What made me remember Grace at this time was the memory I cherish of a gift at her funeral.  Grace died on December 11, the same day my dad died 22 years later.  Her funeral was during Christmastime, and it was a fairly long drive from our hometown.  Our closest friends and family made the trip, giving up a day during the holiday season to grieve.  Other friends, let us down.  They were too busy, or maybe they had plans, or maybe a million things, none of which meant much to us as we buried our daughter.  Forgiving and forgetting those who let us down was a huge hurdle for us as we went through the grieving process.

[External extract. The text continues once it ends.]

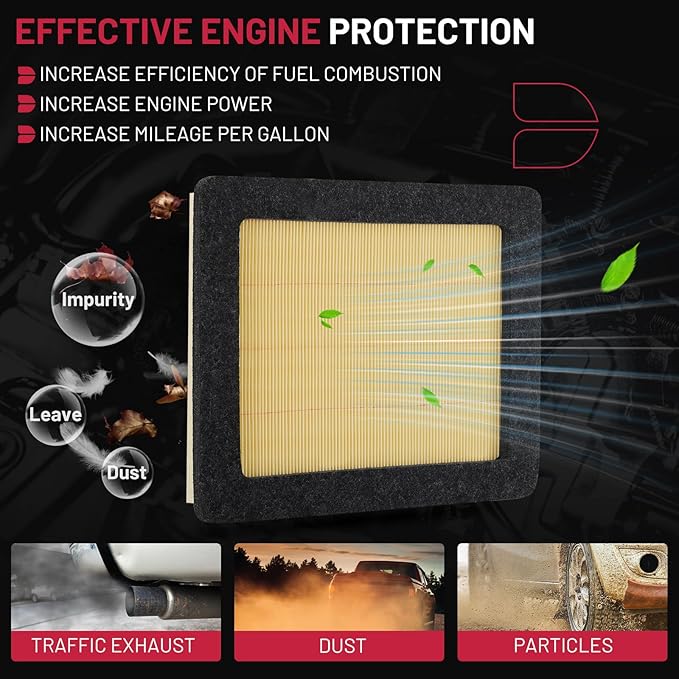 - 【SUGGESTION】To ensure that the vehicle air filter provides your engine with clean air, recommended replacement every 12 months, 12,000 miles or as specified by the vehicle manufacturer.
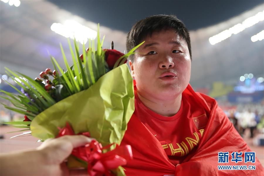當日,在卡塔爾多哈舉行的2019國際田聯世界田徑錦標賽女子鉛球決賽中,衛(wèi)冕冠軍、中國選手鞏立姣以19米55的成績奪得冠軍。 新華社記者李明攝

One wonderful gesture shines through from that horrible funeral day.  I was sitting in the front pew of my ancestral church.  I’ve written about the place before, as it is near and dear to me.  The land was donated to the church by my great, great-grandfather.  It sits smack dab in the middle of nowhere surrounded by family farm land.  As I looked out the window and across the wintry land that day, a man came into view.  The site shocked me.  It was an old man, George, a family friend, and T’s boss at the time.  He had fashioned a cross out of lush pine boughs, and he was carrying it on his back.  He was hunched over and moving slowly due to the weight.  The wind whipped his black coat open, and his hair was flying all around his head.  He carried the cross and a little metal stand out to the cemetery behind the church to mark our daughter’s grave.  My appreciation for that gesture of kindness and care has never left me.  George came into the church just as the service began and sat in the back pew.  I don’t think he said a word to us.  He came alone, placed his cross, and left quietly at the end of the service.

George’s act of love is one of the most special memories of my life.  I held him dear from that moment on, and while he is no longer with us, my love for him lives on.  His gift represents giving in the truest sense of the word.  His gift did not cost a dime.  It held no card.  He received no accolades.  He simply gave, and his gift was from the heart.